(DATA SEGMENT begins)

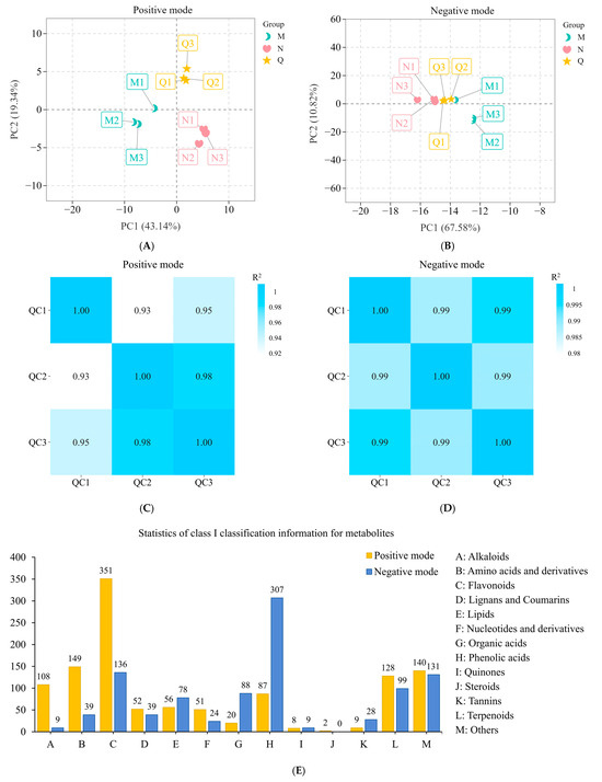Figure 5A,B). The high correlation between the quality control samples (QC) indicated that UPLC-MS/MS (ultra-performance liquid chromatography–tandem mass spectrometry) was highly stable (
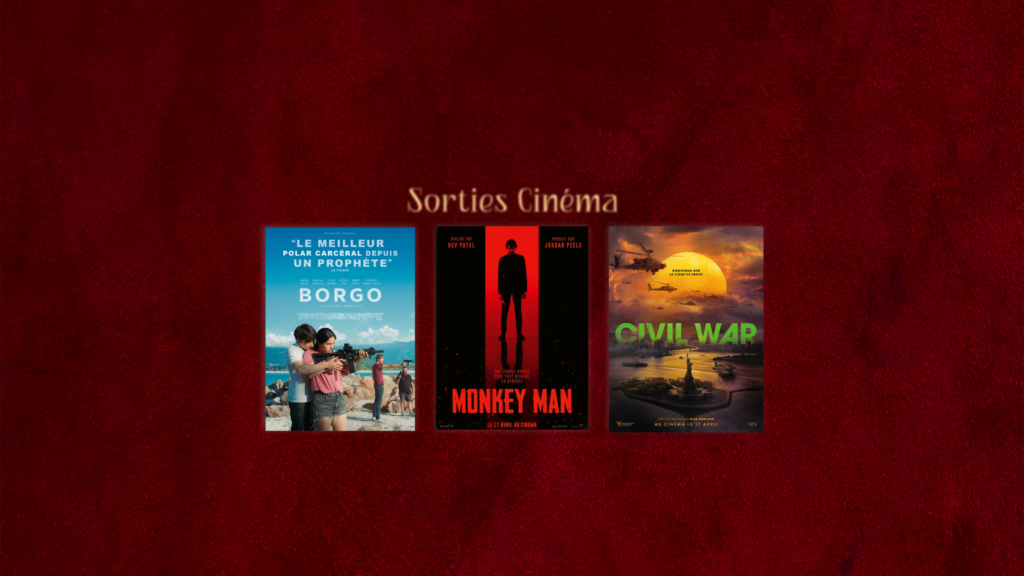 Films de la semaine / 17 avril Publié le 17 avril 2024 (23 avril 2024) par Première Pluie Parmi tous les films sortis en salle le 17 avril, voici ceux qu’on vous recommande de ne pas rater dans les salles indépendantes les plus proches de chez vous. Au programme : Hafsia Herzi est gardienne de prison, Dev Patel se venge de ses ennemis et la guerre civile éclate aux USA. Borgo, de Stéphane
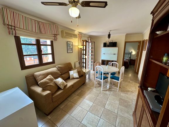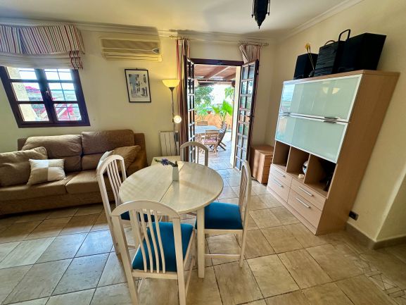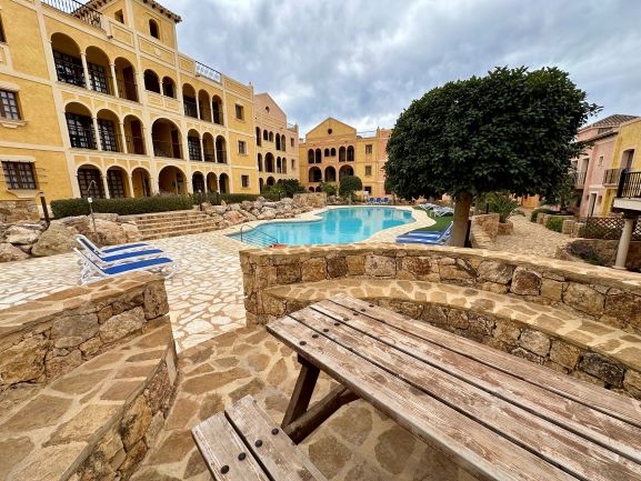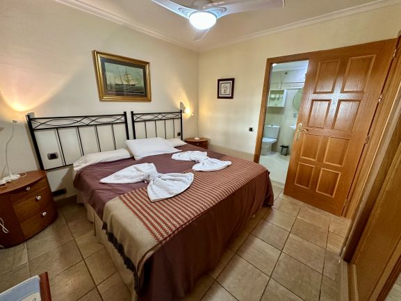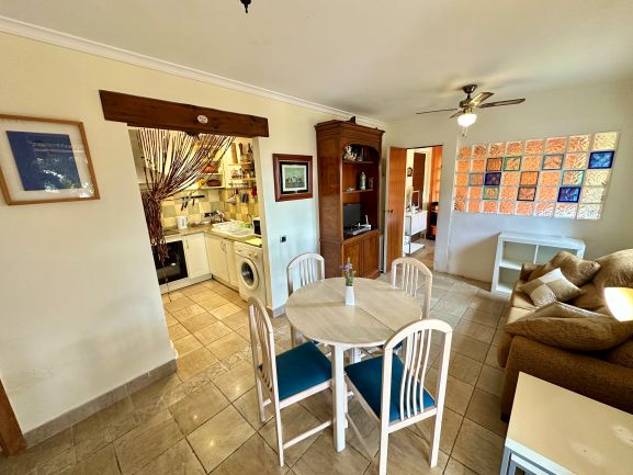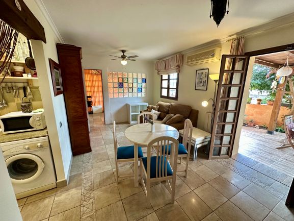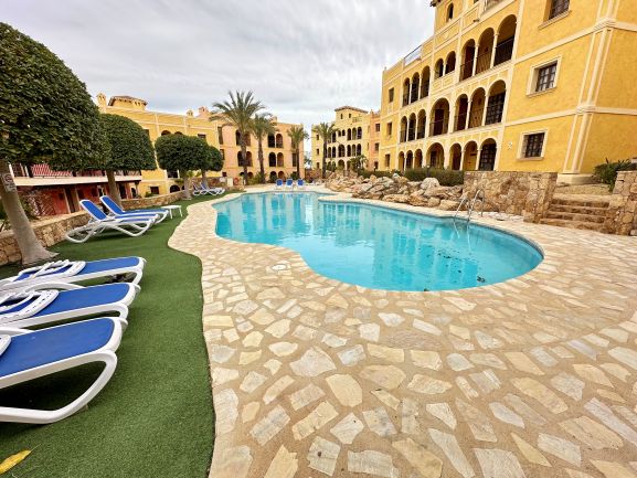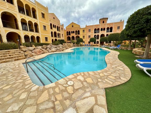 Este espectacular apartamento en planta de baja te ofrece una experiencia de vida de lujo en una urbanización con seguridad las 24 horas. Disfruta de un entorno exclusivo con acceso a piscinas abiertas todo el año y una comunidad acogedora, mayoritariamente británica. Con 64 m² construidos y 58 m² útiles, este hogar cuenta con un dormitorio, dos baños y armarios empotrados, todo en perfecto estado.

(DATA SEGMENT ends)

WHAT IS EXPECTED:
Leaving out all pictures, transcribe the listing exactly.

TASK SOLUTION:
Figure 5A,B). The high correlation between the quality control samples (QC) indicated that UPLC-MS/MS (ultra-performance liquid chromatography–tandem mass spectrometry) was highly stable (
 Films de la semaine / 17 avril Publié le 17 avril 2024 (23 avril 2024) par Première Pluie Parmi tous les films sortis en salle le 17 avril, voici ceux qu’on vous recommande de ne pas rater dans les salles indépendantes les plus proches de chez vous. Au programme : Hafsia Herzi est gardienne de prison, Dev Patel se venge de ses ennemis et la guerre civile éclate aux USA. Borgo, de Stéphane
 Este espectacular apartamento en planta de baja te ofrece una experiencia de vida de lujo en una urbanización con seguridad las 24 horas. Disfruta de un entorno exclusivo con acceso a piscinas abiertas todo el año y una comunidad acogedora, mayoritariamente británica. Con 64 m² construidos y 58 m² útiles, este hogar cuenta con un dormitorio, dos baños y armarios empotrados, todo en perfecto estado.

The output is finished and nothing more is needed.